A drug for fixing a crucial defective protein in cystic fibrosis improved patients' lung function and sweat chloride levels, according to early results from a small randomized study.
The investigational oral drug, VX-770, is still in phase II trials. But preliminary findings in 20 patients—particularly the impact on sweat chloride levels—are drawing cautious optimism.
“These [results] are an extraordinary endorsement of our hypothesis—that small molecules can correct the basic defect and affect the clinical indicators of cystic fibrosis,” said Robert J. Beall, Ph.D., president and CEO of the Cystic Fibrosis Foundation, in a statement.
VX-770 targets defective Cystic Fibrosis Transmembrane Conductance Regulator (CFTR) proteins in sweat duct epithelial cells. Dysfunctional CFTR proteins are believed to cause the fluid and salt imbalance that characterizes CF patients' airways.
The first part of the phase IIa trial included 20 patients who carry the G551D mutation in the CFTR gene. About 4% of CF patients in the United States carry the G551D mutation. Patients participated in two 14-day treatment periods. In addition to standard CF therapies, they received either placebo or one of three VX-770 dosage levels during each 14-day period.
At the end of 14 days, patients who received the highest dose of VX-770 (150 mg twice daily) experienced an average 10.1% increase in forced expiratory volume in 1 second (FEV1), compared with an average FEV1 decrease of less than 1% in placebo patients.
For patients on high-dose VX-770, sweat chloride levels fell from an average 95.5 mmol/L at baseline to 53.2 mmol/L after 14 days of treatment.

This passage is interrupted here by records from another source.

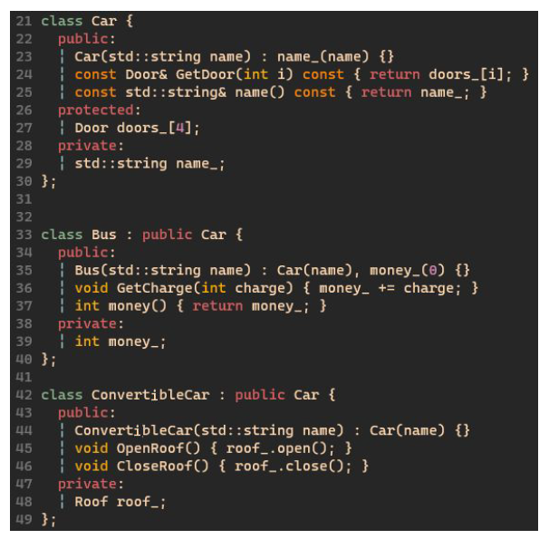 자바에서는 extends 를 사용해서 상속받았지만, C++은 접근제어자와 상속하는 클래스명을 사용해서 상속받는다.
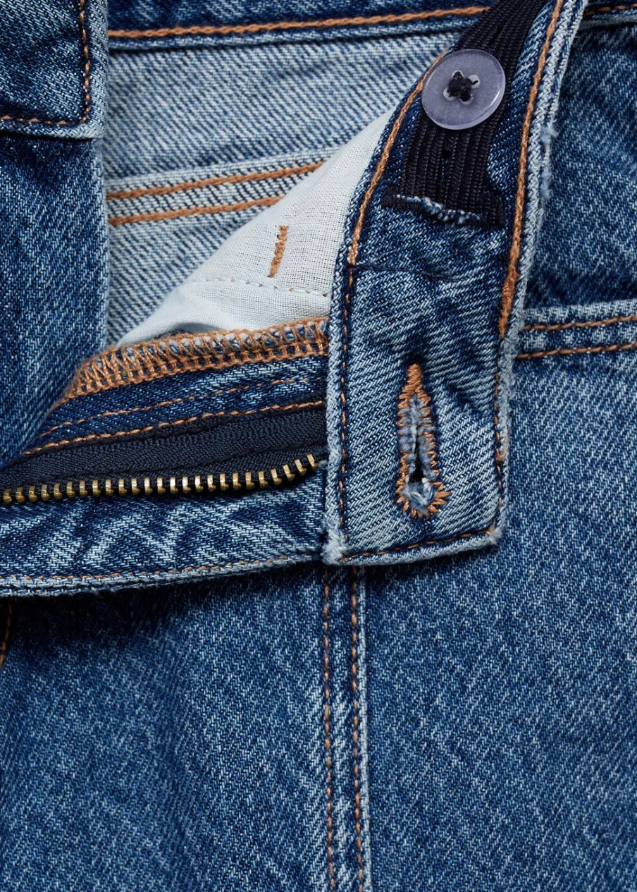 Tkanina bawełniana w dżinsowym stylu. Podwyższony stan. Model prosty. Ozdobne szwy. Pięć kieszeni. Fason culotte. Zapięcie na suwak i guzik.
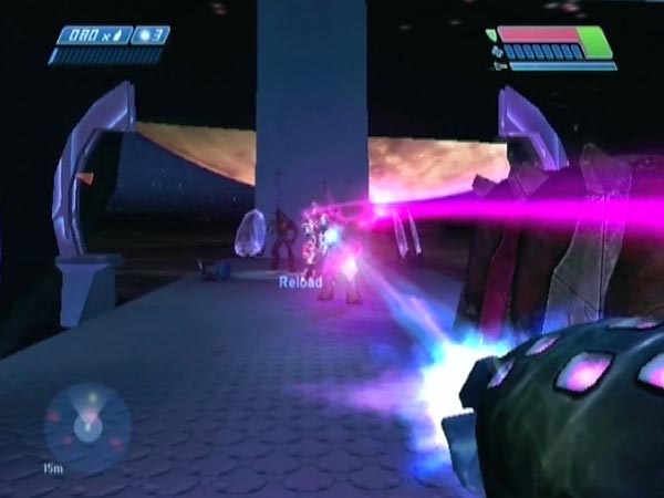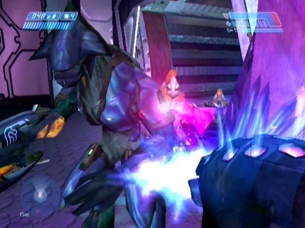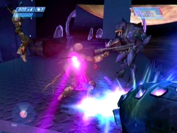 On the left of the platform as you face your attackers, there's a pair of purple boxes, ideal for hiding behind with a shotgun. Just as an Elite is coming along, let him have it point-blank. BLAM! It's also a good position from which to blast Flood as they jump down. On Heroic (or Legendary if you're fool enough), it's hard to survive without using cover, so these boxes come in mighty useful!
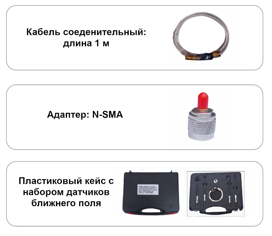 Набор ЭМС для анализаторов спектра: пробник магнитного поля - 4 шт., кабель SMA-SMA, адаптер N-SMA. Диапазон частот: 30 МГц - 3 ГГц.

Patients on placebo had no significant change in sweat chloride levels. Sweat chloride levels for CF patients typically are greater than 60 mmol/L, compared with normal values of less than 40 mmol/L in people without CF. The adverse events rate was similar between the groups. One patient had two serious adverse events, which researchers deemed were not related to VX-770.
The second stage of the drug's phase IIa trial is slated to begin later this year, and will enroll 16 patients for 28 days of randomized, placebo-controlled treatment. A phase IIb trial may begin in 2009, said the foundation. Vertex Pharmaceutical Inc. is developing VX-770 and a second compound, VX-809, with funding support from the Cystic Fibrosis Foundation.